Wer Lust hat, auf historischen Wegen durch die reizvolle Landschaft des Trifelsland um Gräfenhausen und Annweiler zu wandern, dem empfiehlt sich der Mönchs- sowie Annweiler Burgenweg.
Sie führen von der Klosterkirche Eußerthal über Gräfenhausen und Annweiler bis hinauf zur Reichsburg Trifels, zu der die Mönche des Zisterzienserklosters Eußerthal bereits wenige Jahrzehnte nach dessen Gründung im Jahre 1148 beste Beziehung pflegten. Ab 1186 stellte der Stauferkaiser Friedrich I (Barbarossa) das Kloster unter den besonderen Schutz des Reiches. 1233 avancierten die Mönche des Kloster dann unter dem Stauferkaiser Friedrich II zu „Hütern der Reichskleinodien (Reichsschwert, Krone, Zepter, Reichskreuz und Reichsapfel)“. Ein Ehrenamt, das sie fast 2 Jahrhunderte innehatten und die ständige Präsenz der Mönche auf der Burg und damit eine Verbindung zwischen Eußerthal und Trifels erforderlich machte - der Ursprung des Mönchswegs.
Während die Klosterbrüder die rund 12 Kilometer lange Strecke schätzungsweise auf dem Rücken von Eseln zurücklegten, muss der heutige Wanderer die zahlreichen Steigungen auf Schusters Rappen bewältigen - und wird dafür mit einer schönen Naturkulisse und tollen Panoramaausblicken belohnt.
Für Weinfreunde, die an ausgefallenen Weinlagen interessiert sind, empfiehlt sich besonders ein Besuch von Gräfenhausen, der kleinsten und westlichsten Weinbaugemeinde der Pfalz.

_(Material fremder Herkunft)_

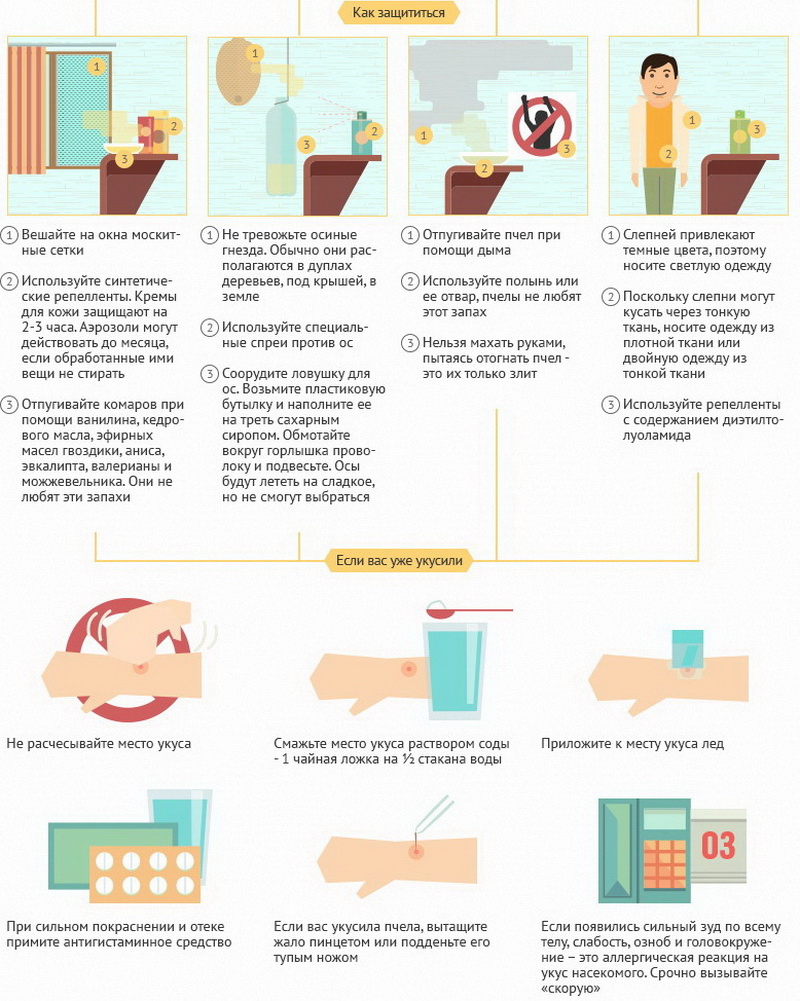 Mosquito bites, stings of bees, wasps, mosquitoes, midges are very painful. The bite site usually swells, turns red, and sometimes itches severely. Some children react to bee stings with a strong allergy, which manifests itself in swelling of the respiratory tract. If the child begins to breathe heavily, immediately call an ambulance.

Erstmals urkundlich erwähnt wurde Gräfenhausen schon 817. Bekannt wurde der Ort durch den Gräfenhausener Spätburgunder, der hier bereits seit mehr als 600 Jahren angebaut wird! Gut möglich, dass durstige Mönche bei ihren Wanderungen zum Trifels ganz nebenbei auf das besondere Mikroklima Gräfenhausens aufmerksam wurden, das sich hervorragend zum Weinbau eignete. Bereits im 12. Jahrhundert brachten französische Zisterziensermönche den Pinot Noir oder Clebroit (Klebrot), wie sie ihn nannten, in die Pfalz. Wenig später dürften dann auch die ersten Spätburgunderreben Ihren Weg ins Zisterzienser-Kloster Eußerthal gefunden haben. Seit 1335 bauten experimentierfreudigen Mönche des nahegelegenen Klosters nachweislich im Ort Wein an. Dass man davon auch den Rittersleuten der Staufischen Schutzmacht auf dem Trifels etliche Fässchen zukommen ließ, dürfte wohl anzunehmen sein.
Der Gräfenhauser Spätburgunder gehörte einst und bis in die jüngste Vergangenheit zu den teuersten Weinen der Pfalz. 1822 betrug der gewöhnliche Preis für ein Fuder Gräfenhausener Spätburgunder 300 Gulden und war somit doppelt so teuer wie ein durchschnittlicher Rotwein der Pfalz. Gegen 1900 wurde der „Gräfenhauser“ für zwei Goldmark je Liter als „Medizinwein“ in Apotheken angeboten. Noch 1929 führten ihn Überseedampfer der Hapag-Lloyd wie die 'Europa' und 'Bremen' auf ihren Transatlantikfahrten nach Amerika als einzigen Rotwein neben einem Bad Dürkheimer Rotwein auf ihrer Weinkarte.
Diese Zeiten sind leider nur noch Weinbaugeschichte. Wurden 1928 noch 17 Hektar Rebfläche beackert, sind es heute gerade noch 6 Hektar, die von einigen unentwegten Winzern im Nebenerwerbsbetrieb bebaut werden. Sie produzieren darauf mit Liebe und Sorgfalt Rotweine, die sich sehen und die man sich wirklich schmecken lassen kann. 
Von den wenigen verbliebenen Wingerten des Ortes hat man einen wunderschönen Blick über das Trifelsland. Alleine diese Aussicht ist es schon wert diese abgelegenen Weinlagen zu besuchen.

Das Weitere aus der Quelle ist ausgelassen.